Data extracts START

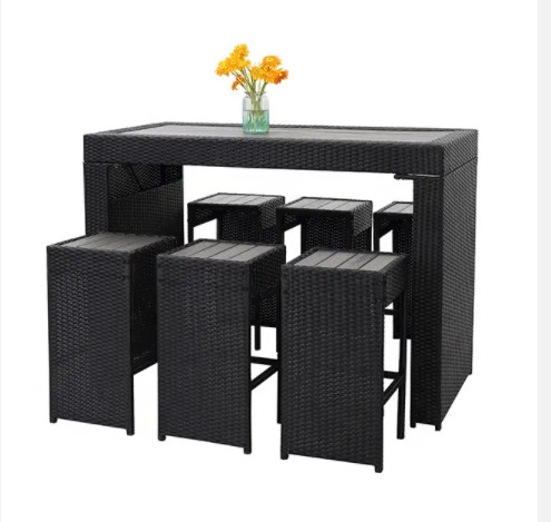 Раттан ткань наружной высокий стол и бар стулья Отдых отель открытый столовой набор Дворик Дворик Раттан столовой набор
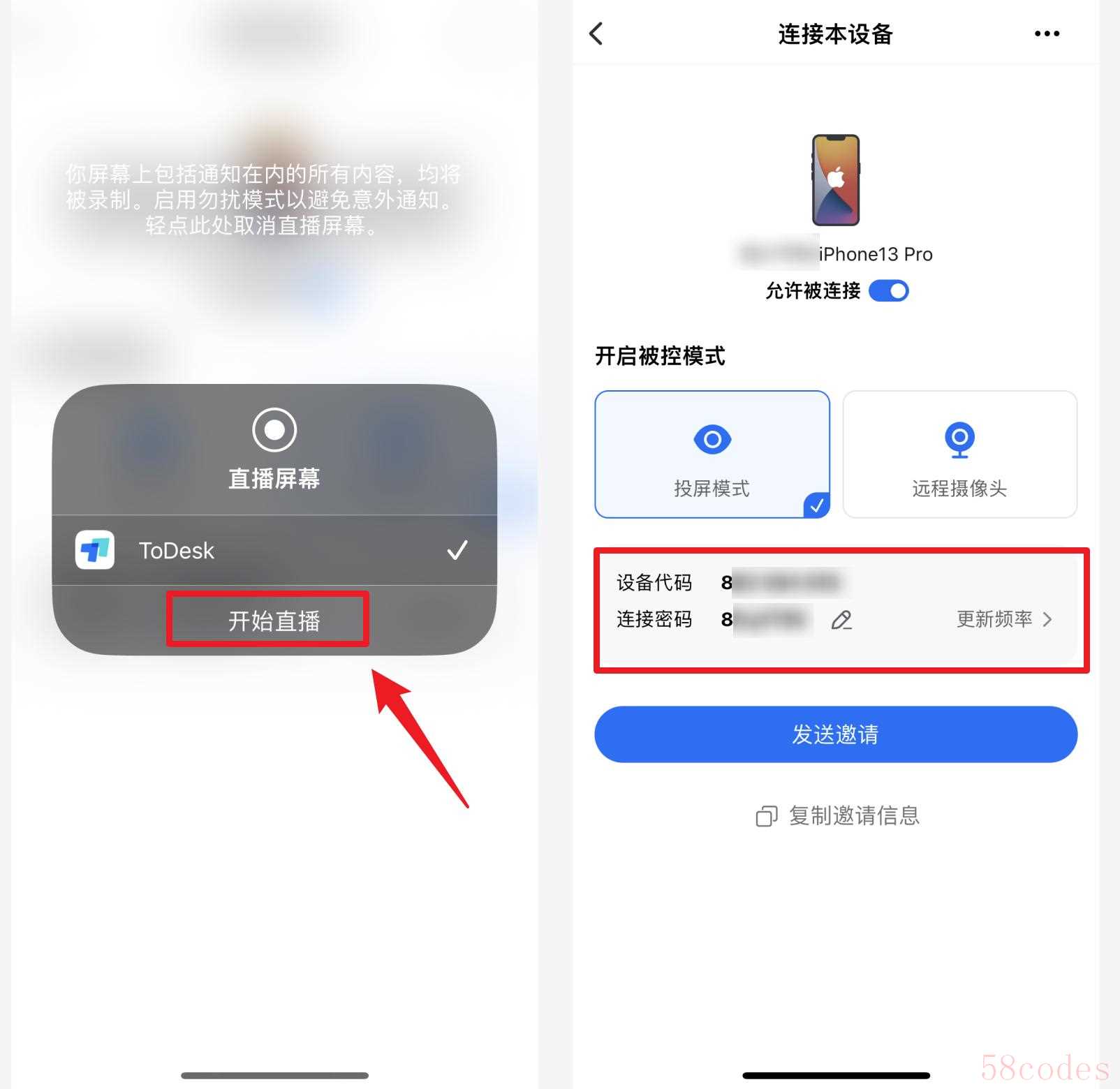 进到后续界面时,出于安全保护考量,我们需要先确认开始直播,这意味着授权开启了录屏权限;待投屏功能开启成功,再通过我们专属的设备代码和连接密码就可以将iOS设备投屏到其他设备了。
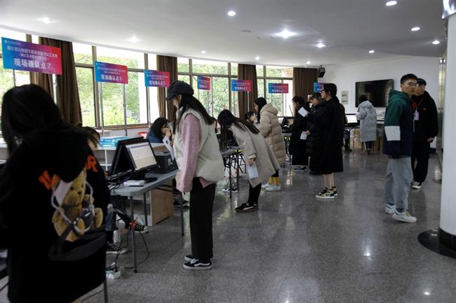 初冬的寒冷抵挡不住考生们的热情,一大清早就有考生前来排队。考生随着银杏叶铺成的金黄色小道走进报到现场,布告栏上写着考试温馨提示,交代了考试规则、考生守则、考生须知等信息。
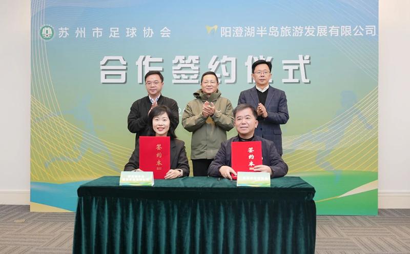 1月22日,蘇州市足球協會與蘇州陽澄湖半島旅游發展有限公司合作簽約儀式在蘇州陽澄湖半島旅游度假區舉行,蘇州市足協活動中心順利落戶半島。蘇州市體育局、蘇州工業園區宣傳和統戰部、度假區黨工委管委會、蘇州市足協、半島公司等單位和企業相關負責人參加活動。
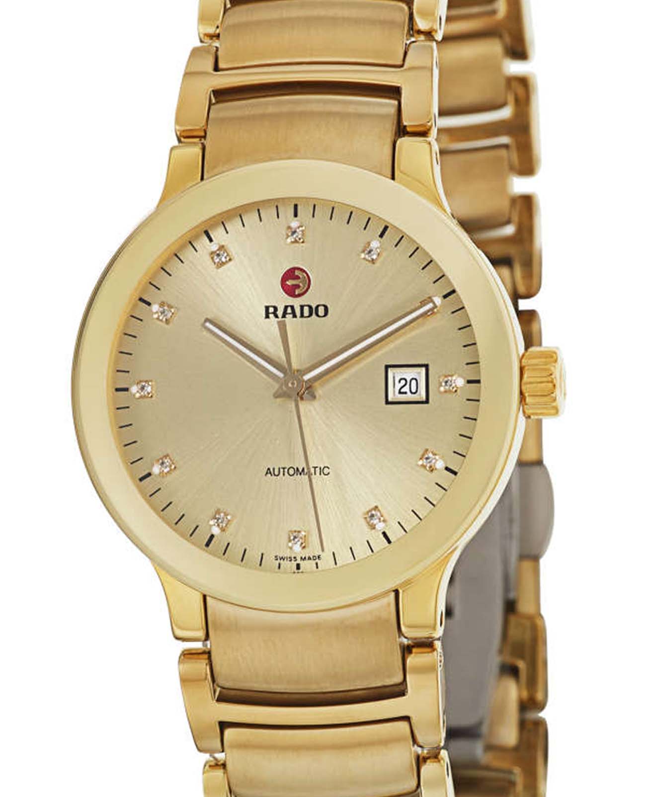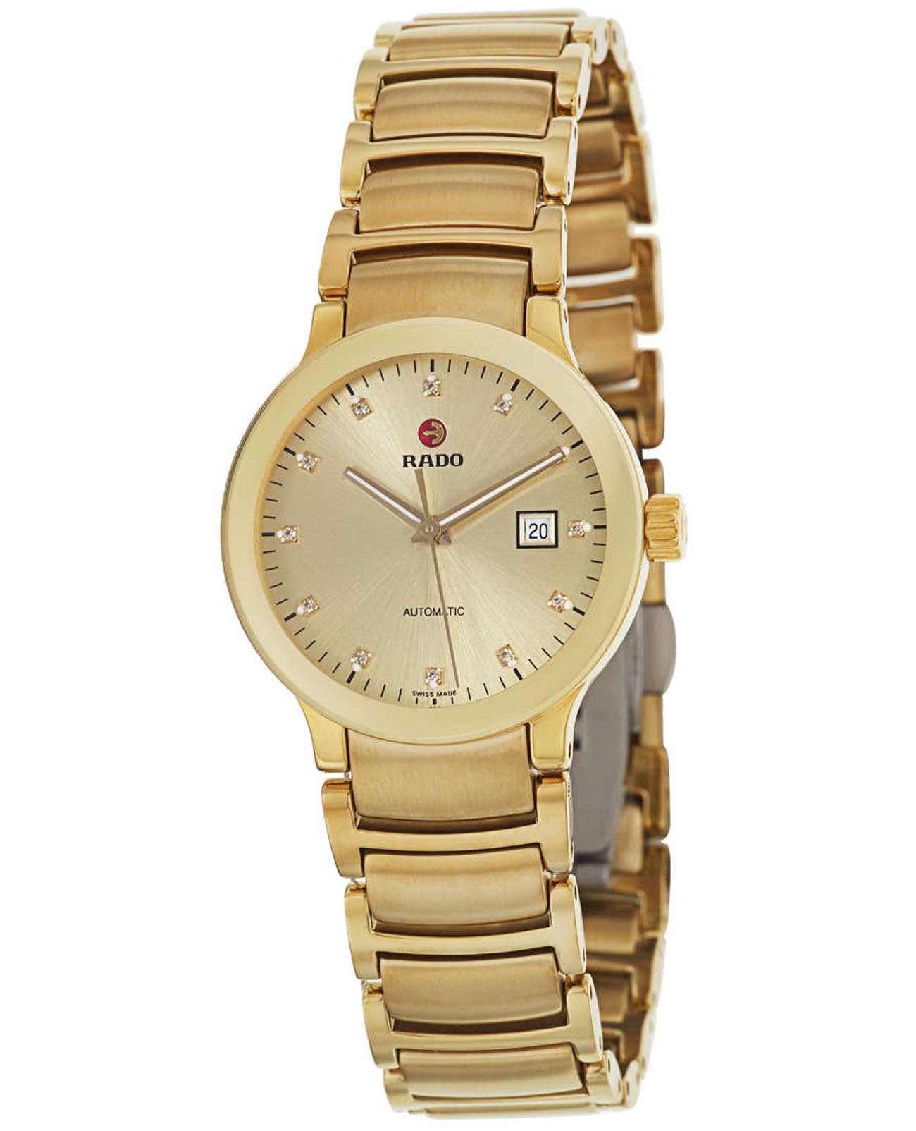 Швейцарские женские механические часы с автоподзаводом Rado Centrix R30280703. Сапфировое стеклоСапфировое стеклоПрочный и надёжный материал из кристалла сапфира синтетического происхождения, характеризующийся особой твёрдостью и устойчивостью к царапинам и повреждениям. устойчивое к появлению царапин, обладающее высокой прозрачностью. Корпус часов изготовлен из нержавеющей стали с PVD-покрытиемPVDУльтратонкое покрытие наносится в технике вакуумного напыления, сочетает в себе нитрид титана особой прочности со слоем золота или оксида хрома. Несёт в себе декоративную или защитную функцию.. Окошко даты находится в положении 3 часа. Циферблат украшен бриллиантами. Стрелки с люминесцентным покрытиемЛюминесцентное покрытиеПозволяет считывать показания времени в темноте. Производители наносят на стрелки, часовые индексы, безель или поверхность циферблата светонакопительный состав, дающий холодное свечение.. Класс водозащиты: 30 метров, позволит защитить корпус от случайных брызг или капель дождя. Браслет из нержавеющей стали с PVD-покрытиемPVDУльтратонкое покрытие наносится в технике вакуумного напыления, сочетает в себе нитрид титана особой прочности со слоем золота или оксида хрома. Несёт в себе декоративную или защитную функцию. на раскладной застёжкеРаскладная застёжкаТакой тип застёжки используется только на браслетах из металла. Она никогда не раскрывается полностью, происходит разделение на 2 и более частей. Раскладывающая застёжка снизит вероятность потери часов к минимуму..
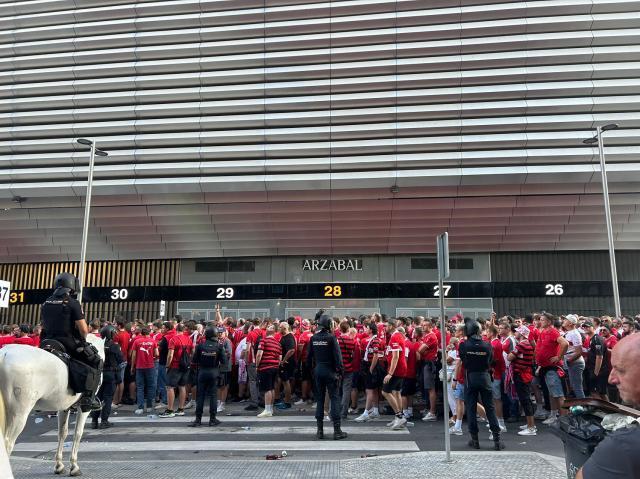 斯图加特上一次进入欧冠赛场要追溯到2009-10赛季,时隔14年再次出现在欧冠正赛,第一场比赛就是客场挑战欧冠之王皇马。德国球迷本就出了名的热爱远征,这一天马德里也不出意外地被斯图加特球迷“攻占”,中午时分起,马德里市中心的大街小巷就被成群结队的斯图球迷占据。《马卡》报表示,这一天来到马德里的斯图加特球迷大概有2万多人,但最终能出现在伯纳乌客队看台上的只能有4000人左右。伯纳乌客队球迷区在赛前也已经变成了红色海洋,大批斯图球迷高唱战歌涌入球场,声势一度压过了其余所有看台。
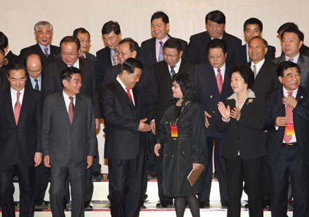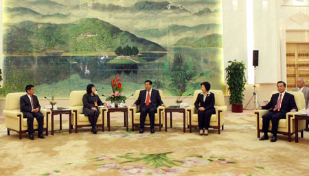 Jia Qinglin (3rd L, front), member of the Standing Committee of the Political Bureau of the Communist Party of China Central Committee, who is also chairman of the National Committee of the Chinese People's Political Consultative Conference, meets with trade union representatives from Taiwan Province in Beijing, Nov. 3, 2009. (Xinhua/Liu Weibing)
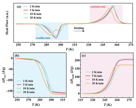 The effect of different cooling rates on the phase transition of AMPD: (a) Heat flow curves during heating at a fixed rate of 5 K/min after cooling at different rates, and (b,c) the variations in exothermic and endothermic enthalpy with temperature during the heating process, respectively.
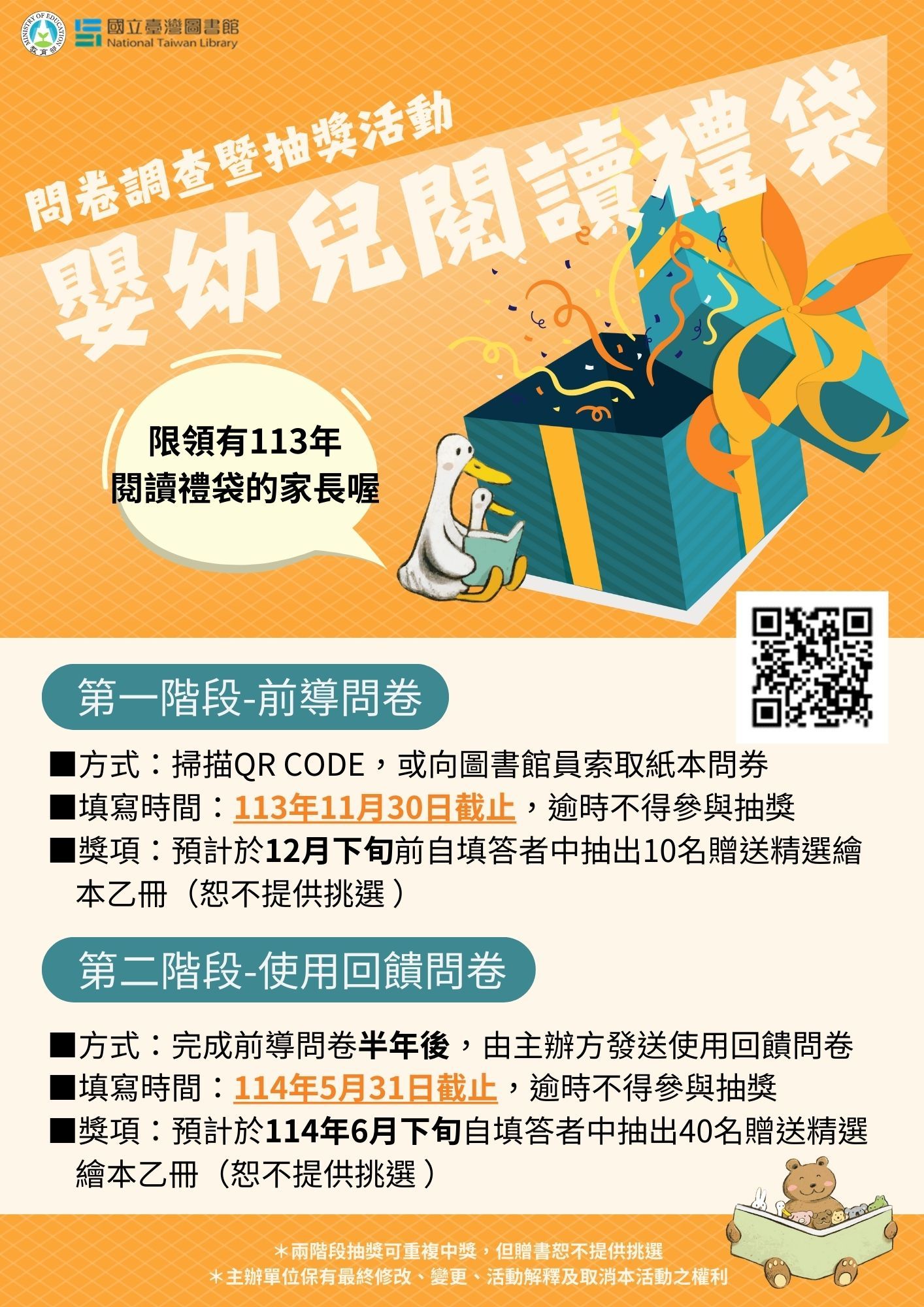 其他資訊 教育部113年「嬰幼兒閱讀禮袋利用情形」問卷調查暨抽獎活動 歷史訊息 | 發布日期: 2024/08/05~2024/11/30 | 瀏覽人數: 44人 | 聯絡資訊: 圖書館 04-8730451分機無 一、主辦單位:教育部 二、主旨:為瞭解家長得知教育部閱讀禮袋資訊之管道、利用閱讀禮袋、圖書館嬰幼兒閱讀資源情形,以及親子共讀的情況等,以家中領有113年閱讀禮袋之家為對象,進行調查。 三、可透過掃描附件之海報QR Code,進行填寫問卷;活動自即日起至113年11月30日止,詳細請參閱DM。
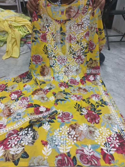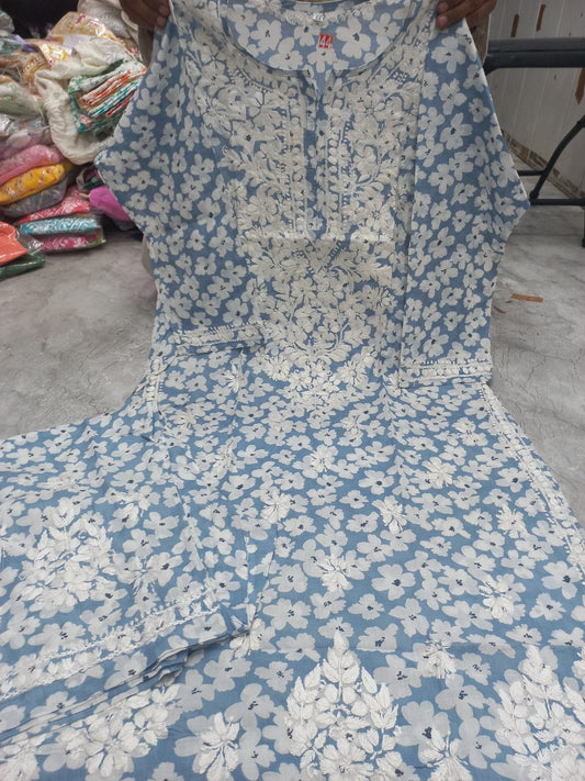 MULCOTTON printed Lucknowi chikankari plazzo suit
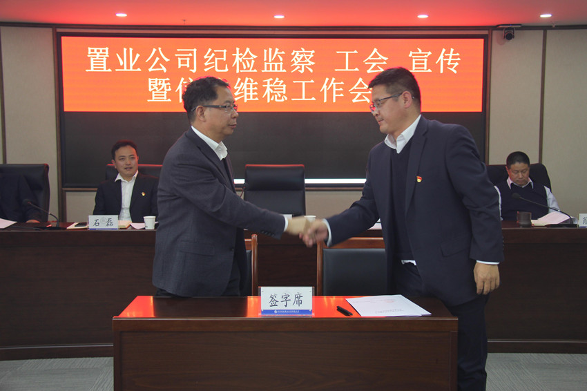 會議對2019年紀(jì)檢監(jiān)察、工會、宣傳、信訪維穩(wěn)工作進(jìn)行安排部署,公司黨委書記、總經(jīng)理李?yuàn)^旭分別與各單位簽訂《2019年黨建工作目標(biāo)責(zé)任書》、《2019年信訪目標(biāo)責(zé)任書》、《2019年黨風(fēng)廉政目標(biāo)責(zé)任書》。
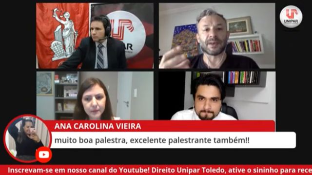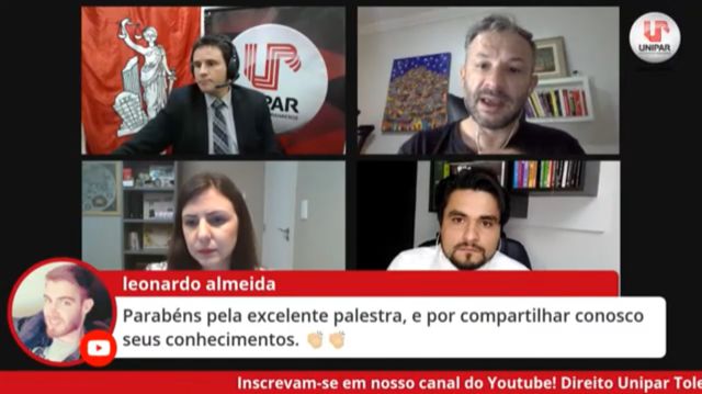 “Todo o material encontra-se gravado e disponível na página do nosso canal no Youtube. Sendo assim, convido a todos para ver ou rever as palestras, basta se inscrever no canal e ativar o sininho para receber as notificações, já que em breve teremos mais novidades e atividades para todos os estudantes e profissionais da área jurídica. Na Unipar, o conhecimento não para”, afirma o coordenador do curso de Direito, professor Daniel Beal.

Data extracts END

**Task statement:** Exclude all pictures and reproduce verbatim the lines running from the line that contains "其他資訊 教育部113年「嬰幼兒閱讀禮袋利用情形」問卷調查暨抽獎活動 歷史訊息" to the end of the data above, both ends included.

**Exercise result:**
 其他資訊 教育部113年「嬰幼兒閱讀禮袋利用情形」問卷調查暨抽獎活動 歷史訊息 | 發布日期: 2024/08/05~2024/11/30 | 瀏覽人數: 44人 | 聯絡資訊: 圖書館 04-8730451分機無 一、主辦單位:教育部 二、主旨:為瞭解家長得知教育部閱讀禮袋資訊之管道、利用閱讀禮袋、圖書館嬰幼兒閱讀資源情形,以及親子共讀的情況等,以家中領有113年閱讀禮袋之家為對象,進行調查。 三、可透過掃描附件之海報QR Code,進行填寫問卷;活動自即日起至113年11月30日止,詳細請參閱DM。
 MULCOTTON printed Lucknowi chikankari plazzo suit
 會議對2019年紀(jì)檢監(jiān)察、工會、宣傳、信訪維穩(wěn)工作進(jìn)行安排部署,公司黨委書記、總經(jīng)理李?yuàn)^旭分別與各單位簽訂《2019年黨建工作目標(biāo)責(zé)任書》、《2019年信訪目標(biāo)責(zé)任書》、《2019年黨風(fēng)廉政目標(biāo)責(zé)任書》。
 “Todo o material encontra-se gravado e disponível na página do nosso canal no Youtube. Sendo assim, convido a todos para ver ou rever as palestras, basta se inscrever no canal e ativar o sininho para receber as notificações, já que em breve teremos mais novidades e atividades para todos os estudantes e profissionais da área jurídica. Na Unipar, o conhecimento não para”, afirma o coordenador do curso de Direito, professor Daniel Beal.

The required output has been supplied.